Symptoms of Hereditary Motor and Sensory Neuropathy Type 5 (HMSN5) can vary from person to person, but may include:

- Muscle Weakness and wasting
- Loss of sensation in the hands and feet
- Painful muscle cramps
- Loss of reflexes
- Difficulty walking
- Balance problems
- Difficulty with fine motor skills
- Difficulty with speech
- Difficulty swallowing
- Abnormal gait
- Fatigue
- Difficulty with bladder and bowel control

Hereditary motor and sensory neuropathy type 5 (HMSN5) is caused by mutations in the SH3TC2 gene. This gene provides instructions for making a protein that is involved in the development and maintenance of the peripheral nervous system, which is made up of the nerves that connect the brain and spinal cord to the rest of the body. Mutations in the SH3TC2 gene lead to the production of an abnormally short, nonfunctional version of the protein, which disrupts the development and maintenance of the peripheral nervous system. This disruption leads to the signs and symptoms of HMSN5.

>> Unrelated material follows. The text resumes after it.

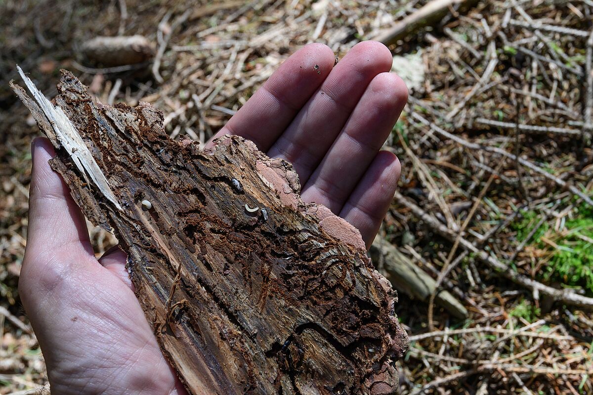 Borkenkäferlarven und ihre Larvengänge entdecken

1. Pain management: Pain medications, such as non-steroidal anti-inflammatory drugs (NSAIDs), opioids, and anticonvulsants, can help manage the pain associated with HMSN type 5.

2. Physical therapy: Physical therapy can help improve muscle strength and coordination, as well as reduce pain.

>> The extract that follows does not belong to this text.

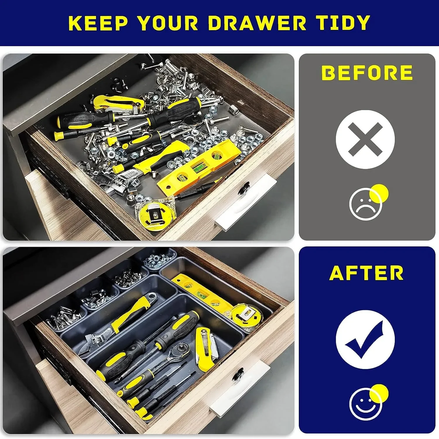 【다양한 사용 시나리오】 이 8/16/22/24/32/45/47개 도구 상자 정리 도구는 도구 상자, 도구 카트, 롤러 도구 상자, 작업대 등을 정리하는 데 적합합니다.얕은 서랍과 표준 도구 상자에 들어갈 수 있습니다. 그리고 이 도구 보관 상자는 주방, 욕실, 화장대 또는 사무실에서도 사용할 수 있습니다. 이 다용도 책상 서랍 정리함 트레이는 물건을 정돈된 상태로 유지합니다.자유롭게 믹스 앤 매치가 가능해요

3. Occupational therapy: Occupational therapy can help with activities of daily living, such as dressing, bathing, and eating.

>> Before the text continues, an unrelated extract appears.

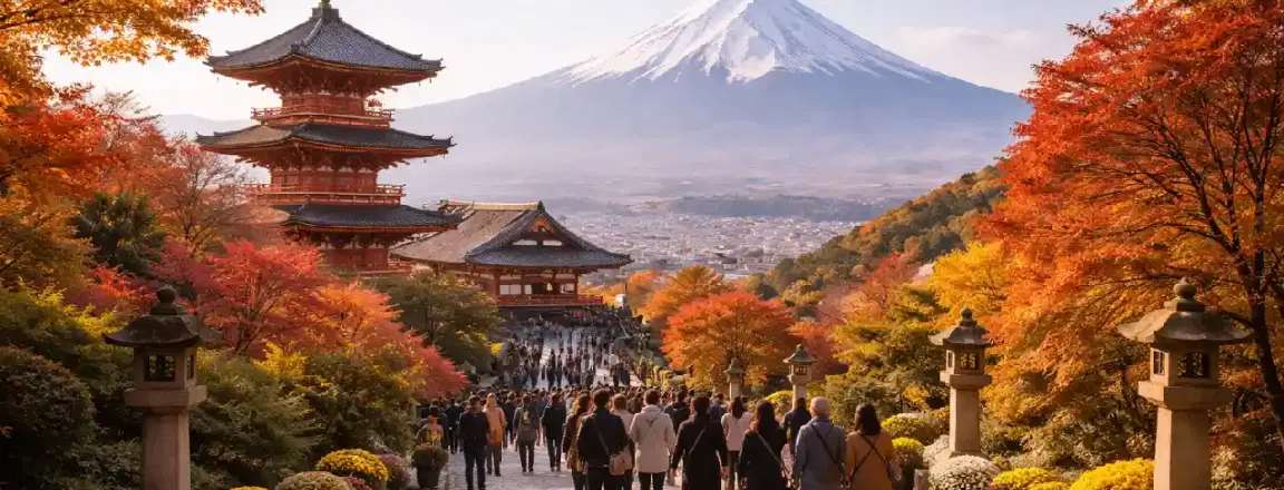 November is considered a shoulder-to-high season in Japan rather than a full peak season. While it does attract a large number of travellers due to autumn foliage (koyo), it is less crowded than the cherry blossom season in spring and more comfortable than the hot, humid summer months.

4. Assistive devices: Assistive devices, such as wheelchairs, walkers, and braces, can help with mobility.

5. Surgery: Surgery may be recommended to correct any deformities or to release pressure on nerves.

6. Gene therapy: Gene therapy is a new and experimental treatment for HMSN type 5. It involves introducing a healthy gene into the body

1. Family history of Hereditary motor and sensory neuropathy type 5
2. Age (most commonly affects adults between the ages of 30 and 50)
3. Gender (more common in males)
4. Ethnicity (more common in people of Mediterranean, Middle Eastern, and North African descent)
5. Exposure to toxins or certain medications
6. Vitamin B12 deficiency
7. Alcoholism
8. Diabetes
9. Autoimmune diseases
10. Infections (such as HIV, Lyme disease, and Epstein-Barr virus)

There is no cure for Hereditary motor and sensory neuropathy type 5, but medications can be used to help manage symptoms. These medications may include anticonvulsants, antidepressants, and muscle relaxants. Physical therapy and occupational therapy can also help to improve muscle strength and coordination.